━━━━━ Given records

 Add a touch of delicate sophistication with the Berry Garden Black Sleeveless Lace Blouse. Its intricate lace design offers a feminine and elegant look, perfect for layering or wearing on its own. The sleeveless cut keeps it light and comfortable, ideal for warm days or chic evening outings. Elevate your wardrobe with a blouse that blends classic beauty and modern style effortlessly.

━━━━━━━━━━
━━━━━ Given records

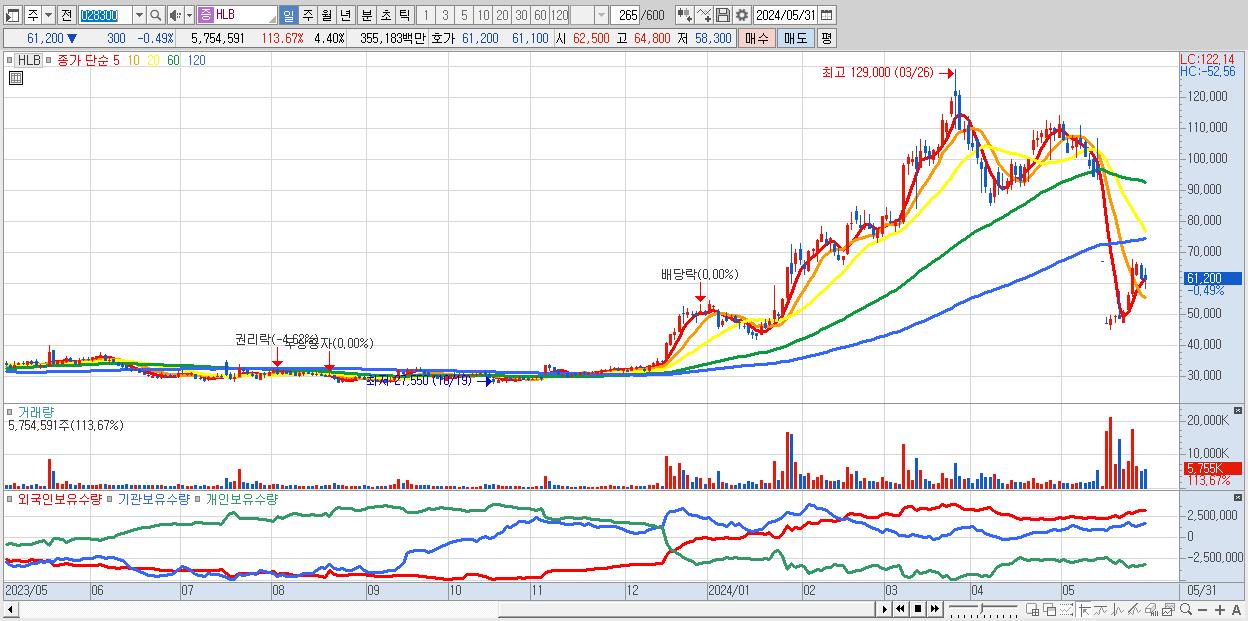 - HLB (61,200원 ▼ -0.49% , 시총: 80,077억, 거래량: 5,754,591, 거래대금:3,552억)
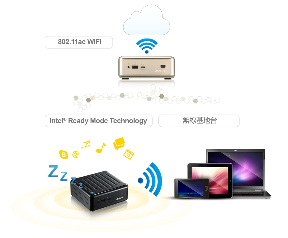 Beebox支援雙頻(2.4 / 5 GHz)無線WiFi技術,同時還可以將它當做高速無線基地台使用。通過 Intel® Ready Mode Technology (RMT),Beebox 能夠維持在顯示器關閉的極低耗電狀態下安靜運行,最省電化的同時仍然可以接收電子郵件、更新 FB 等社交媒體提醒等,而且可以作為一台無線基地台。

━━━━━━━━━━
━━━━━ Given records

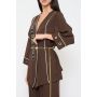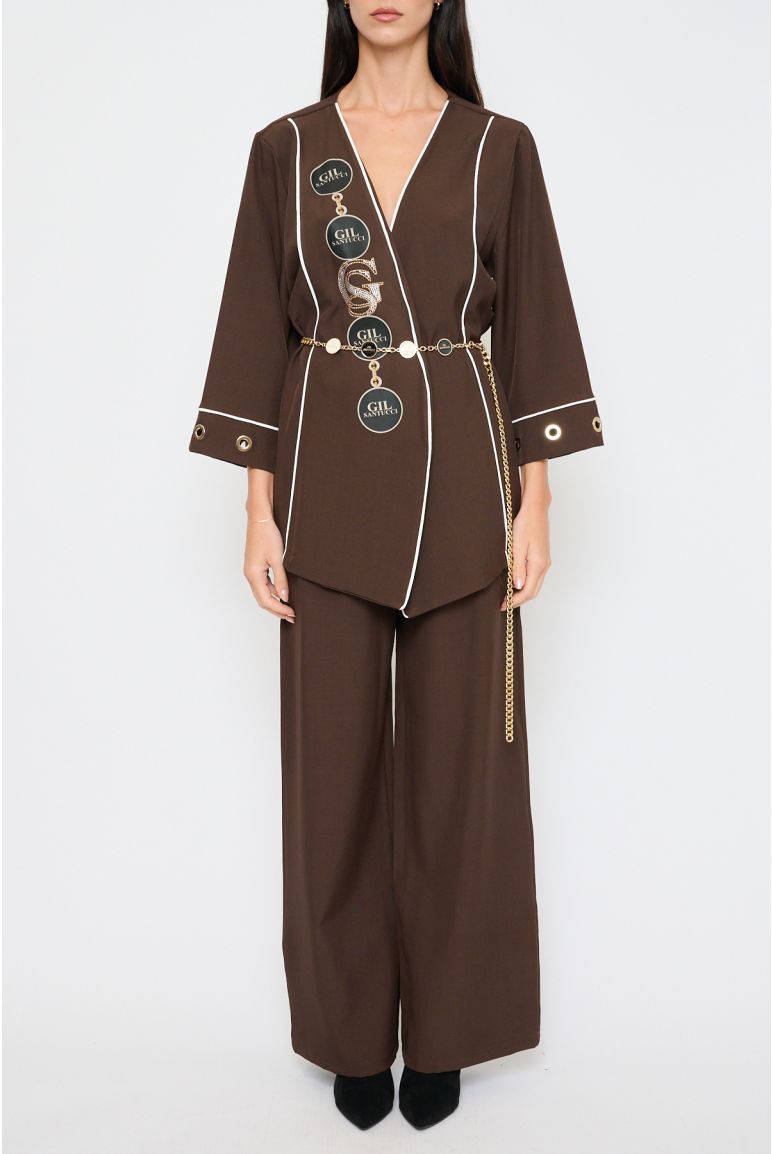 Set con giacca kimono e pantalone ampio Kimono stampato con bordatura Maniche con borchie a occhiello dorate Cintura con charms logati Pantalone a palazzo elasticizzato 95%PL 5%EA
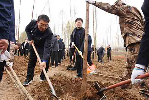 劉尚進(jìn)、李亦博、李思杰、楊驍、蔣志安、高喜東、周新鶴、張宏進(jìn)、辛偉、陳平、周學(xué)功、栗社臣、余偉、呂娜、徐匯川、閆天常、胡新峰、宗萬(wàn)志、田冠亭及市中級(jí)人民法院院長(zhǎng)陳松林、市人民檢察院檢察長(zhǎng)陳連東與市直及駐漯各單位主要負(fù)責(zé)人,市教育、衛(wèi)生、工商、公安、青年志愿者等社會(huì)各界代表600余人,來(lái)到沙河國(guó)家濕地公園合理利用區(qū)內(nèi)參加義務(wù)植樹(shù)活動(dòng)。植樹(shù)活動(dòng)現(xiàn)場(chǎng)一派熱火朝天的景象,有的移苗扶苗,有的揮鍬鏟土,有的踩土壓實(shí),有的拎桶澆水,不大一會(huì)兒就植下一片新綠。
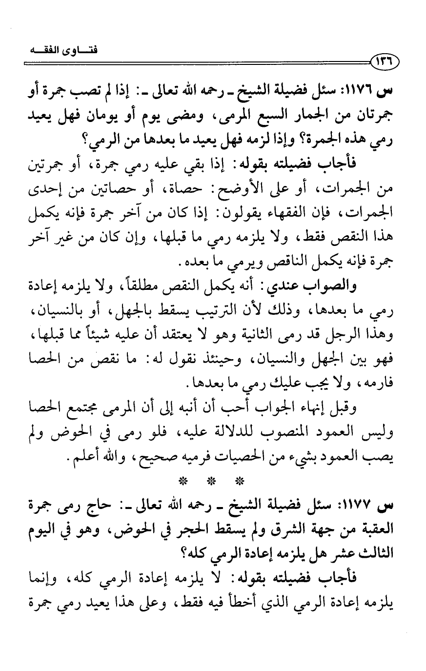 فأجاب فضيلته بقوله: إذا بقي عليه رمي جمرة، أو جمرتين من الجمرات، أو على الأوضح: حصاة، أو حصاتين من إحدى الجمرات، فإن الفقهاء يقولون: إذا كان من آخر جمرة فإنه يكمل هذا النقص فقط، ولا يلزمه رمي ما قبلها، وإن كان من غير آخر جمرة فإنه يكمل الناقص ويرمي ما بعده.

━━━━━━━━━━

**What the exercise asks:** Within the listing above, copy exactly the lines that start at the one with "劉尚進(jìn)、李亦博、李" and continue through the one with "فأجاب فضيلته بقوله: إذا". Omit pictures.

**Result:**
 劉尚進(jìn)、李亦博、李思杰、楊驍、蔣志安、高喜東、周新鶴、張宏進(jìn)、辛偉、陳平、周學(xué)功、栗社臣、余偉、呂娜、徐匯川、閆天常、胡新峰、宗萬(wàn)志、田冠亭及市中級(jí)人民法院院長(zhǎng)陳松林、市人民檢察院檢察長(zhǎng)陳連東與市直及駐漯各單位主要負(fù)責(zé)人,市教育、衛(wèi)生、工商、公安、青年志愿者等社會(huì)各界代表600余人,來(lái)到沙河國(guó)家濕地公園合理利用區(qū)內(nèi)參加義務(wù)植樹(shù)活動(dòng)。植樹(shù)活動(dòng)現(xiàn)場(chǎng)一派熱火朝天的景象,有的移苗扶苗,有的揮鍬鏟土,有的踩土壓實(shí),有的拎桶澆水,不大一會(huì)兒就植下一片新綠。
 فأجاب فضيلته بقوله: إذا بقي عليه رمي جمرة، أو جمرتين من الجمرات، أو على الأوضح: حصاة، أو حصاتين من إحدى الجمرات، فإن الفقهاء يقولون: إذا كان من آخر جمرة فإنه يكمل هذا النقص فقط، ولا يلزمه رمي ما قبلها، وإن كان من غير آخر جمرة فإنه يكمل الناقص ويرمي ما بعده.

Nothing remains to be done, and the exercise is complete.